In [1]:
import os

repo_dir = os.environ.get("REPO_DIR")
code_dir = os.path.join(repo_dir, "code/")
data_dir = os.path.join(repo_dir, "data/")

os.chdir(code_dir)

import geopandas as gpd
from matplotlib import pyplot as plt
import numpy as np
import pandas as pd

import os

import sys


from mosaiks.label_utils.utils import geopandas_shape_grid, box_grid, assign_grid_points_to_gpdFile, get_dense_grid_for_gpdf_file
from mosaiks.label_utils.plotting_utils import plot_label_map_hist

# HDI data (Smits et al)

**Data Download:**

*Shapefiles and tabular data are separate downloads*

Tabular data:
https://globaldatalab.org/mygdl/downloads/

We are using the SHDI V4 data in this analysis.
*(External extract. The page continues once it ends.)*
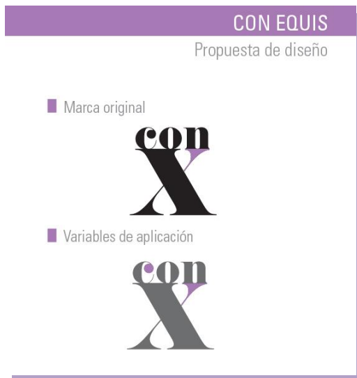
FIGURA 2 Diseño de marca para la revista Con X

Version history is [here](https://globaldatalab.org/shdi/archive/).


Shapefiles:
https://globaldatalab.org/shdi/shapefiles/

We use the neweset shapefile available when this project began `GDL Shapefiles V4`. This file is NOT included in the GitHub repository and must be downloaded to replicate our data cleaning.



**Data Citation**

Smits, J., Permanyer, I. The Subnational Human Development Database. Sci Data 6, 190038 (2019). https://doi.org/10.1038/sdata.2019.38

**Corresponding paper:**

https://www.nature.com/articles/sdata201938


**Abstract**

In this paper we describe the Subnational Human Development Database. This database contains for the period 1990–2017 for 1625 regions within 161 countries the national and subnational values of the Subnational Human Development Index (SHDI), for the three dimension indices on the basis of which the SHDI is constructed – education, health and standard of living --, and for the four indicators needed to create the dimension indices -- expected years of schooling, mean years of schooling, life expectancy and gross national income per capita. The subnational values of the four indicators were computed using data from statistical offices and from the Area Database of the Global Data Lab, which contains indicators aggregated from household surveys and census datasets. Values for missing years were estimated by interpolation and extrapolation from real data. By normalizing the population-weighted averages of the indicators to their national levels in the UNDP-HDI database, values of the SHDI and its dimension indices were obtained that at national level equal their official versions of the UNDP.


**Data sources**

Three major data sources were used to create our SHDI database. We approached statistical offices, including Eurostat, the statistical office of the European Union (https://ec.europa.eu/eurostat), by email communication or visiting their websites to obtain data. We downloaded data from the Area Database of the Global Data Lab (https://www.globaldatalab.org). And we downloaded data from the HDI website of the Human Development Report Office of the United Nations Development Program (http://hdr.undp.org). In the ‘SHDI Start’ data file (Data Citation 1), for each country information is provided on the data source(s) used for the subnational values of the indicators. In this file also for each country the years for which data is available, the number of subnational regions and the population size is presented. Below we discuss the three main data sources in more detail.

**Local paths**

Tabular data:

`/raw/GDL_HDI/GDL-Indicators-(2018)-data.csv`

`raw/GDL_HDI/GDL-Indices-(2018)-data.csv`

Shapefiles:

`raw/GDL_HDI/GDL_Shapefiles_V4`

## Read in shape files

In [4]:
directory = data_dir + "/raw/GDL_HDI/"
out_directory = data_dir + "/int/GDL_HDI/"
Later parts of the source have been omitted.